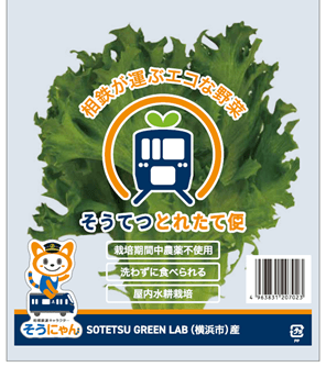 相鉄いずみ野線・緑園都市駅前の未活用施設を有効活用した第一号工場「SOTETSU GREEN LAB」(横浜市泉区)で栽培・収穫されたフリルレタスを、相鉄線で輸送し、沿線のそうてつローゼン6店舗で販売。
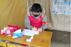 姜雨欣,晨晓艺术与设计学院视觉传达设计193班,在疫情发生过程中,她一直密切关注疫情情况,想为抵抗疫情出自己的一份力,这一想法得到家人的支持,于是她主动请愿参加家乡疫情防控志愿者服务。主要进行镇上道路卡口巡查执勤,主要对道路来往车辆尤其是外地车辆无通行证的人员记录,每两天进行一次换卡口巡查,主要在下午十二点开始进行,到五点换班,网格排查记录和进行核实信息,一一落实到位。为了阻隔疫情传播,全国各地纷纷在机场、火车站、道路站点设立卡点,在这些阻截传播的节点上,青年志愿者也发挥着重要作用。
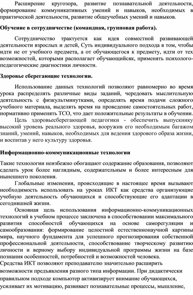 Использование данных технологий позволяют равномерно во время урока распределять различные виды заданий, чередовать мыслительную деятельность с физкультминутками, определять время подачи сложного учебного материала, выделять время на проведение самостоятельных работ, нормативно применять ТСО, что дает положительные результаты в обучении.
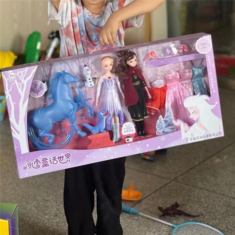 子供の夢幻の氷雪の2人のスーツの大きいギフトボックスの電動の照明の音楽は子供の女の子のままごとのおもちゃに着替えます。
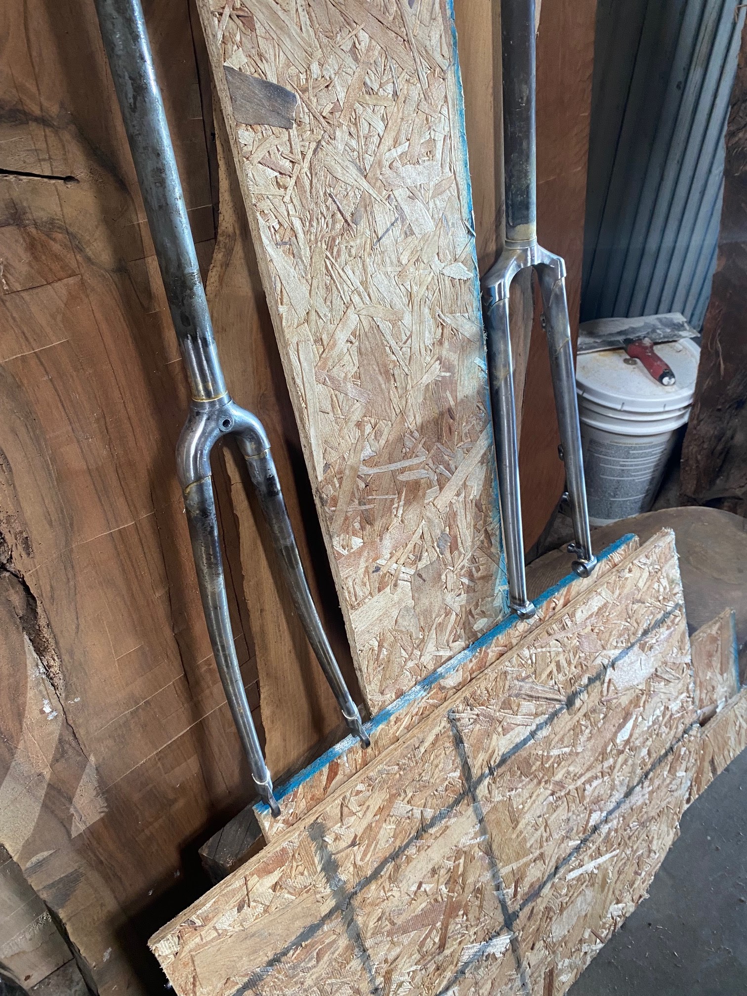 Yes, this week was fork and frame prep week- had a lot of stuff to ship out- still do. The closer of the two forks is a replacement for a Della Santa fork that got destroyed.....don't know how but it is really bent. The second fork goes with a frame I built last week. Glad to have the whole package complete and ready for paint.
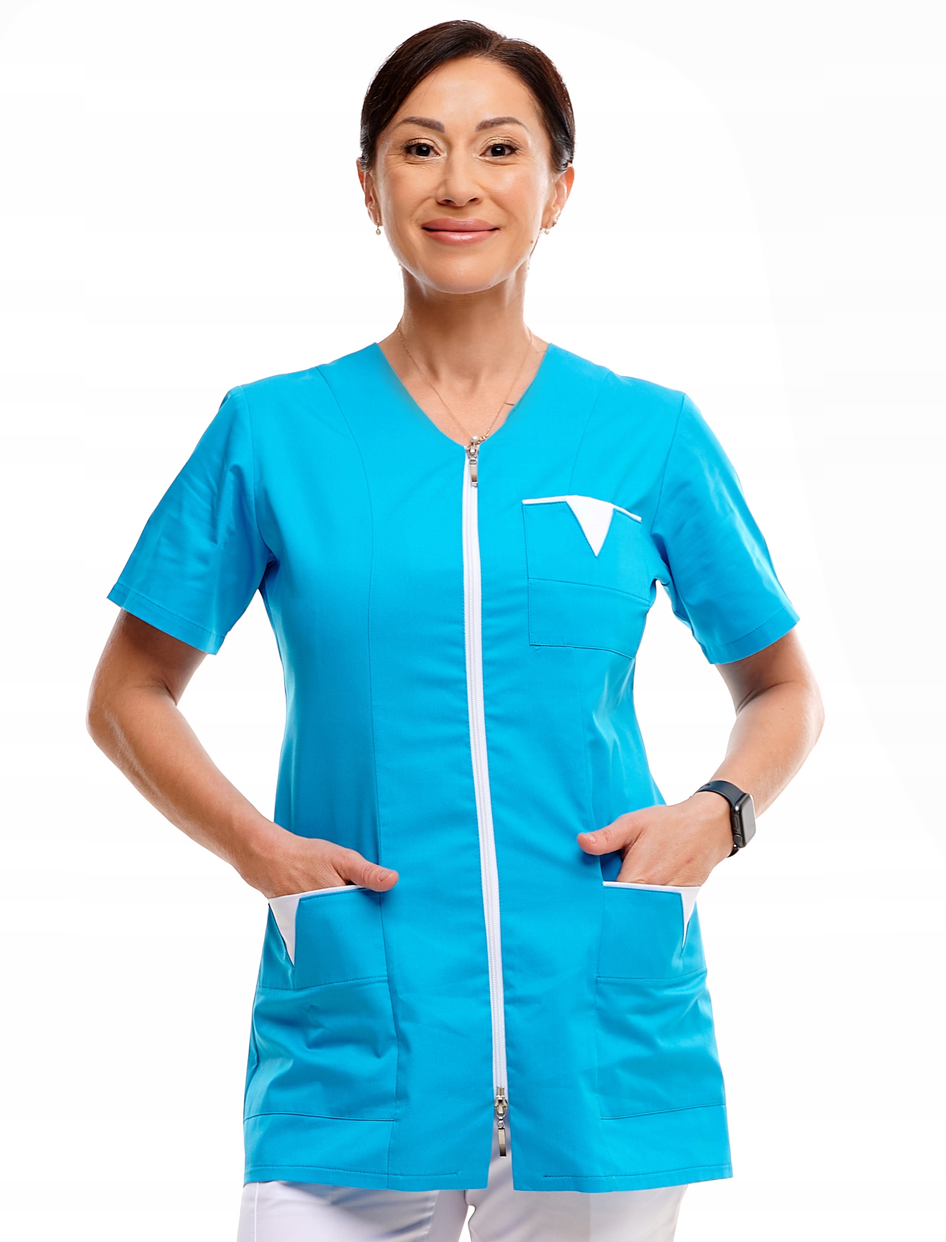 Fartuch Medyczny Roz. 42 Niebieska Garsonka Rozpinana Zamek Strój Ochronny
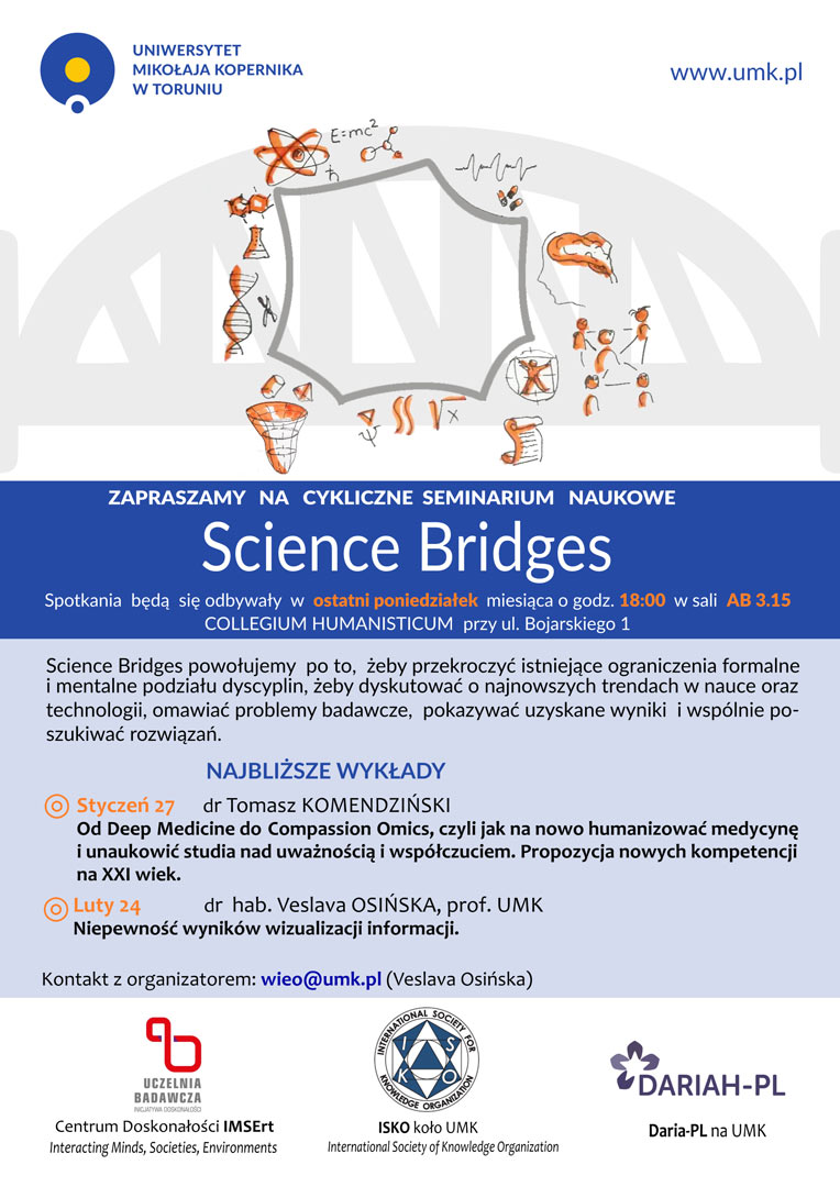 Co ciekawe, DARIAH-PL jest współorganizatorem seminarium "Science Bridges", którego celem jest 'przekroczenie istniejących ograniczeń formalnych i mentalnych podziału dyscyplin, aby dyskutować o najnowszych trendach w nauce oraz technologii...'.
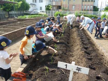 今日は一年生がサツマイモの苗と花の苗を植えました。銀雄クラブの方々が準備してくださった畑に、順番に苗を植えていきました。また、種もきれいにまいていました。
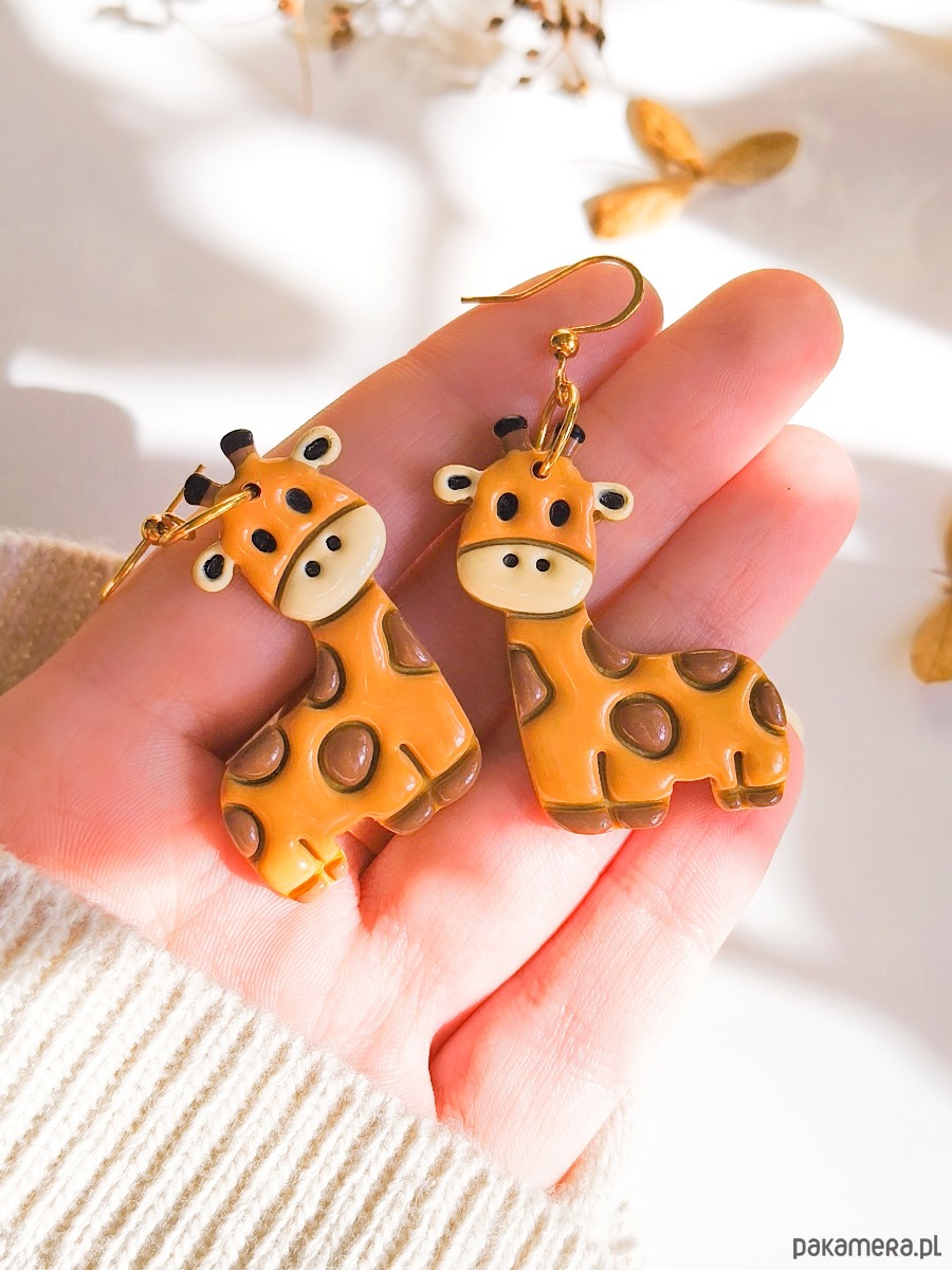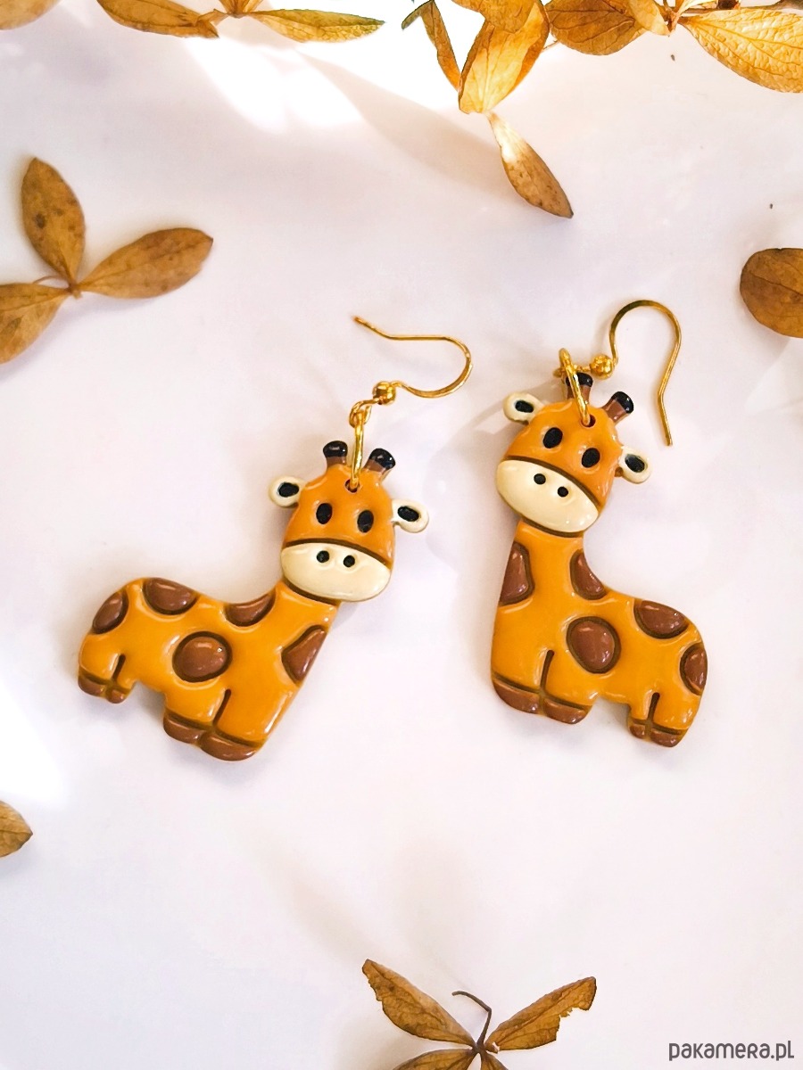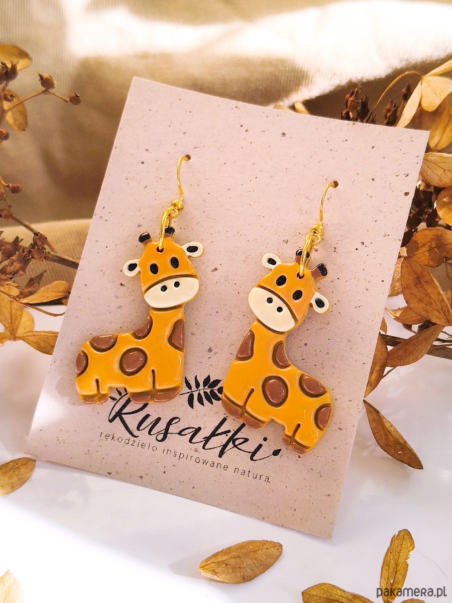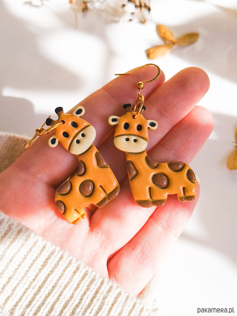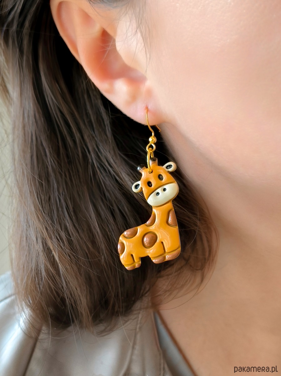 Kolczyki z żyrafami, akcesoria dla pracownika zoo, zwierzęta z afryki

- _What this task involves_
Take the line containing "Yes, this week" and every line after it up to the end of the entries, and quote them exactly. Both ends count; the pictures do not.

- _Exercise output_
 Yes, this week was fork and frame prep week- had a lot of stuff to ship out- still do. The closer of the two forks is a replacement for a Della Santa fork that got destroyed.....don't know how but it is really bent. The second fork goes with a frame I built last week. Glad to have the whole package complete and ready for paint.
 Fartuch Medyczny Roz. 42 Niebieska Garsonka Rozpinana Zamek Strój Ochronny
 Co ciekawe, DARIAH-PL jest współorganizatorem seminarium "Science Bridges", którego celem jest 'przekroczenie istniejących ograniczeń formalnych i mentalnych podziału dyscyplin, aby dyskutować o najnowszych trendach w nauce oraz technologii...'.
 今日は一年生がサツマイモの苗と花の苗を植えました。銀雄クラブの方々が準備してくださった畑に、順番に苗を植えていきました。また、種もきれいにまいていました。
 Kolczyki z żyrafami, akcesoria dla pracownika zoo, zwierzęta z afryki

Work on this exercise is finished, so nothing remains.